(RECORDS SUPPLIED Opens)
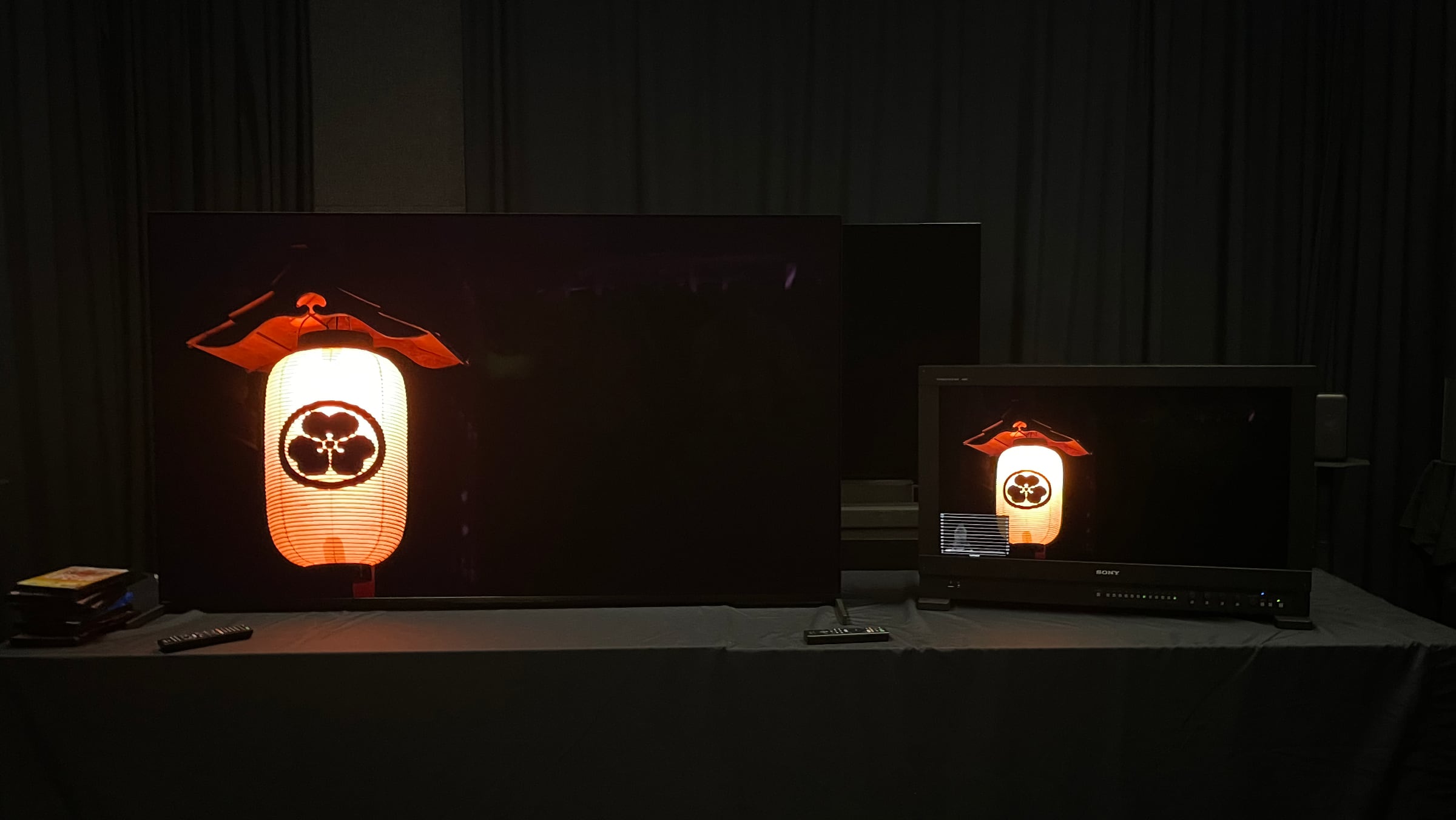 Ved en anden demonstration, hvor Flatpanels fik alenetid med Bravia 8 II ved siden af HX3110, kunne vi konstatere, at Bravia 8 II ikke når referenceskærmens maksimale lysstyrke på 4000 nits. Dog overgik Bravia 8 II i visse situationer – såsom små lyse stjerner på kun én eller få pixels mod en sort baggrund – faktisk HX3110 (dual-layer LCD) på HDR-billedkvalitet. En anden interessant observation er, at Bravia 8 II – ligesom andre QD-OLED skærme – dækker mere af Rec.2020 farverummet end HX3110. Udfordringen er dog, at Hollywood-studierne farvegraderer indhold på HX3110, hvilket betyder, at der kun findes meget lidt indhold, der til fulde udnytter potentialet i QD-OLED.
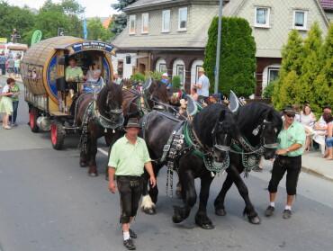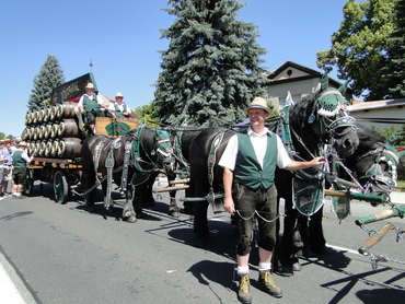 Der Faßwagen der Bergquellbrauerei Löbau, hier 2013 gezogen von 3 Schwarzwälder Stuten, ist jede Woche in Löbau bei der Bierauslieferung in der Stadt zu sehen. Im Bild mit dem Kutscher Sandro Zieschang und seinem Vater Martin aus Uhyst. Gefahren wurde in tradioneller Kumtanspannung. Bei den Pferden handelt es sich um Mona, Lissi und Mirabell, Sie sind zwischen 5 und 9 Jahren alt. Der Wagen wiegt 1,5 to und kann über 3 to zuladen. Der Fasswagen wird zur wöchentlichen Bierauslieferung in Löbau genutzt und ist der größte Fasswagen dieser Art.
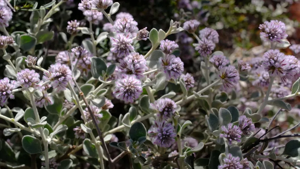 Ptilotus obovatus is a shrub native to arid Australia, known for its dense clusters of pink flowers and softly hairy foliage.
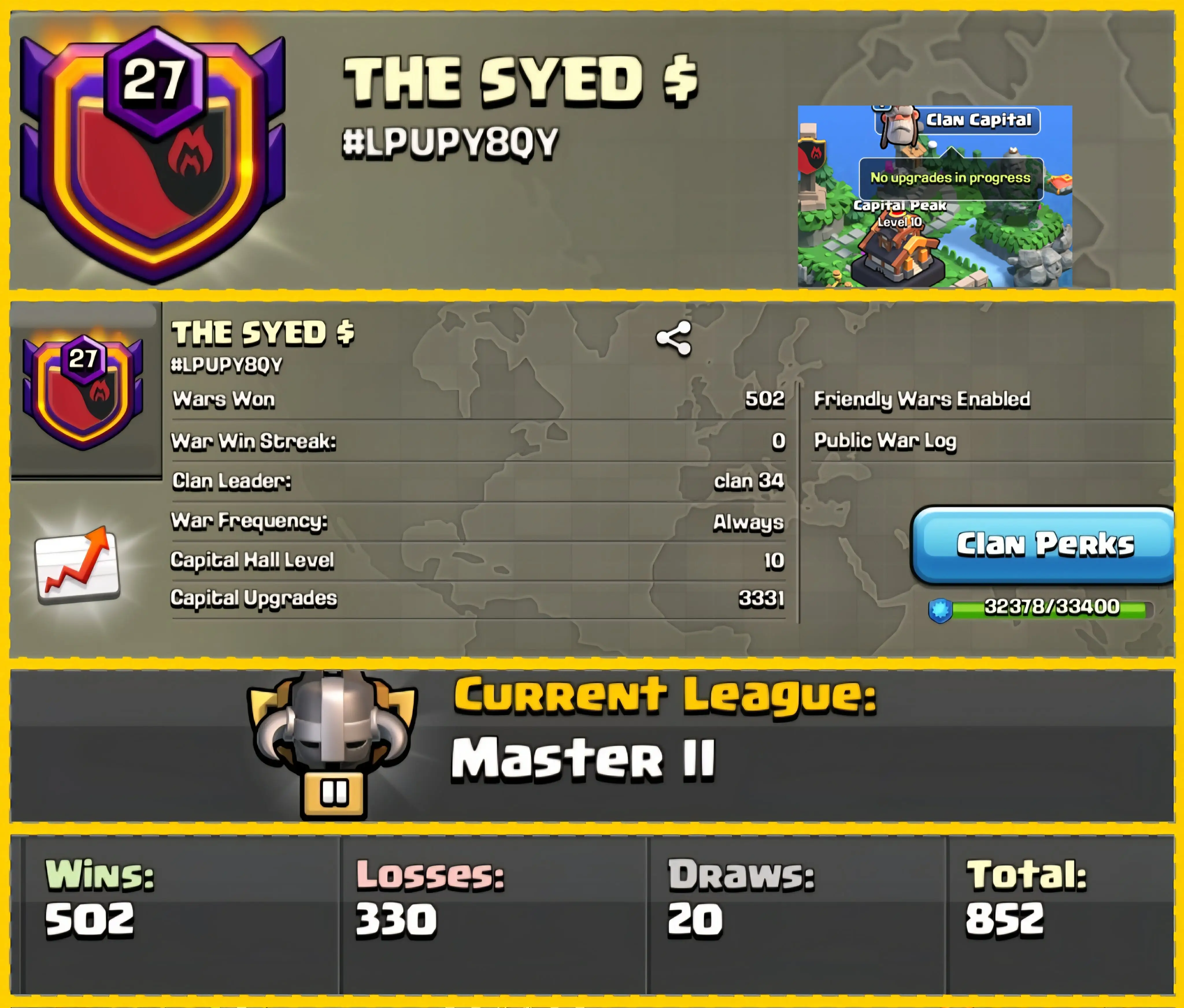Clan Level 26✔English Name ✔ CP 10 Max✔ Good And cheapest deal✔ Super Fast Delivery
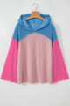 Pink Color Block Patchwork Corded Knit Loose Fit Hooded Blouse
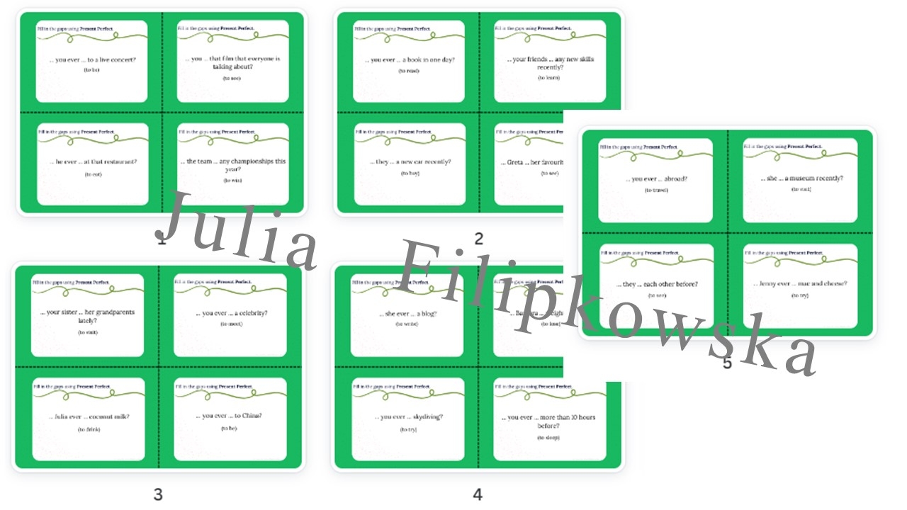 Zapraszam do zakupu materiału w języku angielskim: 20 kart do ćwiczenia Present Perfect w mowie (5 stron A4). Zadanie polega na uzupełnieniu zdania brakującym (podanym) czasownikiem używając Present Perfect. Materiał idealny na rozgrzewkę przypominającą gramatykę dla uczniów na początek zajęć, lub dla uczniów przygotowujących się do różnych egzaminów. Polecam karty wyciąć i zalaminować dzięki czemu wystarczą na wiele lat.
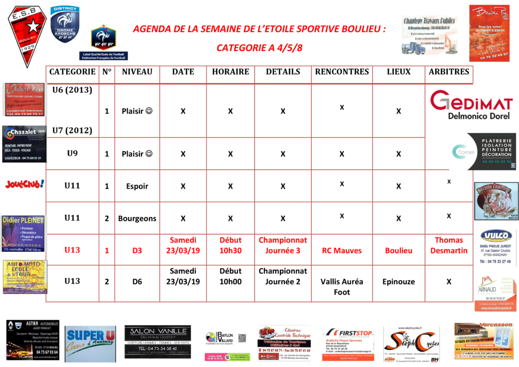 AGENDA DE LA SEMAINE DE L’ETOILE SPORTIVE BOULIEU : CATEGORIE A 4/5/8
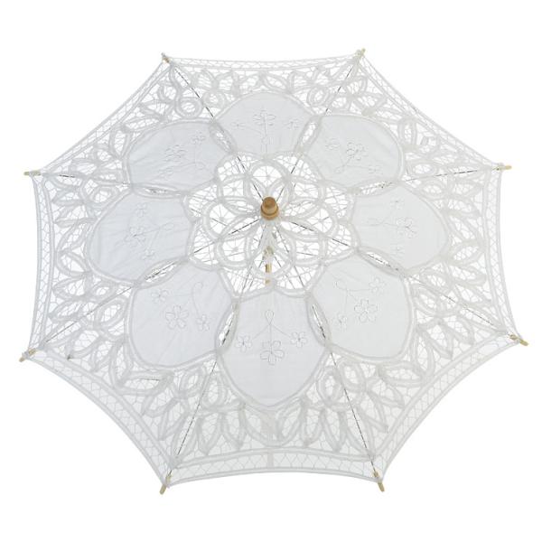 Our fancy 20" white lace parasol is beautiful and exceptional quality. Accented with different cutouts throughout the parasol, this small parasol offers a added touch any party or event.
(RECORDS SUPPLIED Closes)
ASSIGNMENT: Give back exactly the lines from the line with "Zapraszam do zakupu" through the final line of the entries above, and keep pictures out of the copy.

SOLUTION TO THIS PROBLEM:
 Zapraszam do zakupu materiału w języku angielskim: 20 kart do ćwiczenia Present Perfect w mowie (5 stron A4). Zadanie polega na uzupełnieniu zdania brakującym (podanym) czasownikiem używając Present Perfect. Materiał idealny na rozgrzewkę przypominającą gramatykę dla uczniów na początek zajęć, lub dla uczniów przygotowujących się do różnych egzaminów. Polecam karty wyciąć i zalaminować dzięki czemu wystarczą na wiele lat.
 AGENDA DE LA SEMAINE DE L’ETOILE SPORTIVE BOULIEU : CATEGORIE A 4/5/8
 Our fancy 20" white lace parasol is beautiful and exceptional quality. Accented with different cutouts throughout the parasol, this small parasol offers a added touch any party or event.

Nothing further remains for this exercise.